Сегодня они наконец исполнили то обещание, которое дали друг другу еще два года тому назад, — Сёя, казалось бы, должен был быть обрадован этим — и он хотел и старался быть обрадован этим, — но злокачественное что-то, которого он сам до конца не понимал, всё никак того не дозволяло. Он сам не понимал, почему какая-то его часть, какой-то бессмертный совестный укор никак не могли достичь согласия с тем человеком, которого он представлял из себя сейчас и хотел продолжать представлять, которого видели в нём знакомые и уже почти родные люди. Почему, даже несмотря на всё это, он так сильно хотел произнести слова, что вертелись у него сейчас на языке.
“Возможно ли то, — вдруг начал юноша с медленного, членораздельного сочетания жестов, не отрывая глаз от незажившей ушной мочки, — что одно из твоих ушей начало полностью терять слух как раз из-за того, что я оставил тебе в детстве этот шрам? Пожалуйста, ответь честно”.
Состояние девушки окончательно пошатнулось. Было заметно, что она вновь изо всех сил постаралась изобразить на лице хорошо знакомую ему, беззаботную фасадную улыбку, косвенно уверить его в том, что давно уже примирилась с ним и его былыми поступками. Но, как бы Сёко того ни хотела, трясущиеся ладони ее никак не могли сложиться в слова, а судорожно дрожащие губы — согнуться фальшивой дугой. Несдержанные слезы — те, по видимому, что она не успела выплакать еще тогда, — неожиданно резко намочили ее веки и почти сразу же покатились по побледневшим, уже подавно не румяным щекам крупными не прекращающимися каплями.
Сёя с малой вероятностью когда-либо относился к себе так же отвратительно, как в этот момент. Когда-то он пообещал себе, что больше никогда не потерпит ее плача, что больше всего на свете будет добиваться того, чтобы Сёко смогла наконец-то полюбить себя. И хотя тот Сёя, который был ответственен за ее теперешние слезы, являлся совершенно другим человеком, текущий всё еще, к горю для себя, разделял с ним одно тело и одно тягостное, в плохом смысле незабываемое прошлое.

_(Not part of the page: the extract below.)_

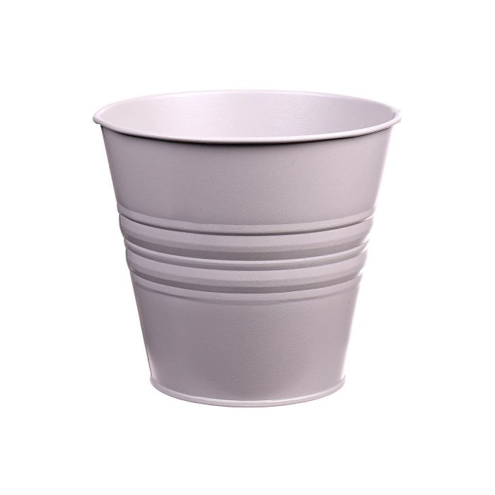 Pot rond en zinc MICOLATO avec rainures, taupe, 16cm, Ø18,5cm
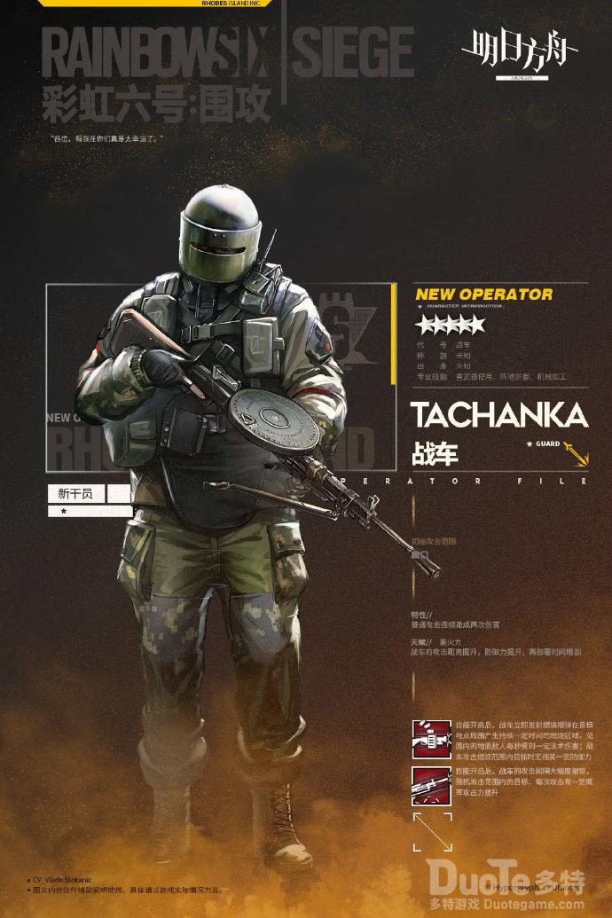 乍一看还以为是“小车组合”又要增加新成员了,结果不是,又一看竟然是个拿枪近卫,实在是有点惊喜。战车的身份很多:彩虹小队成员兼“瞭望台33号”事件的亲历者,成为了罗德岛的合作人员。战车浑身笼罩着迷雾,不知道来自哪里但是战斗素养却出奇的高,或许是在哪个军队里服役过吧。

— Мье быо так бойно... Я... е могва поять... (“Мне было так больно... Я... не могла понять...” (неразб.)) — внезапно вырвался изо рта Нисимии ее настоящий, всегда стыдливо неволящийся в горле голос, что могло означать только высшую степень ее отчаяния. Всё еще довольно гнусавый, сильно напоминающий нескладный лепет ребенка, он был именно таким, каким Исида запомнил его и в первый, и в последний раз, когда слышал.
Этот жалобный плач не был конкретно озлоблен против него — не был уже и самоненавистным криком, который издавала душа девушки. Он не имел никакой негативной окраски, за ним не стояло желания кого бы то ни было обвинить. Плач Сёко являлся всего лишь беспомощным и обреченным отпором жизненной несправедливости, в которой каждый человек в мире неумышленно играл свою роль ежедневно.
Одна половина сознания Сёи, чего нельзя не назвать постыдным, всё еще была готова выбрать бездействие, уклониться от той роли, которую все вокруг уже давно считали для него подходящей и по праву заслуженной, и поступить так лишь из трусливого опасения сделать только хуже, чем он уже сделал. Иными словами, нарушить клятву, не так давно данную мисс Нисимии.
Но вторая была уверена, что Сёя услышал уже предостаточно невинного плача подруги, увидел достаточно слез на ее очаровательном лице. Что за этим самым моментом его неминуемо поджидало не что иное, как очередное «испытание храбрости». Самое сложное, значимое и поворотное в его жизни «испытание храбрости».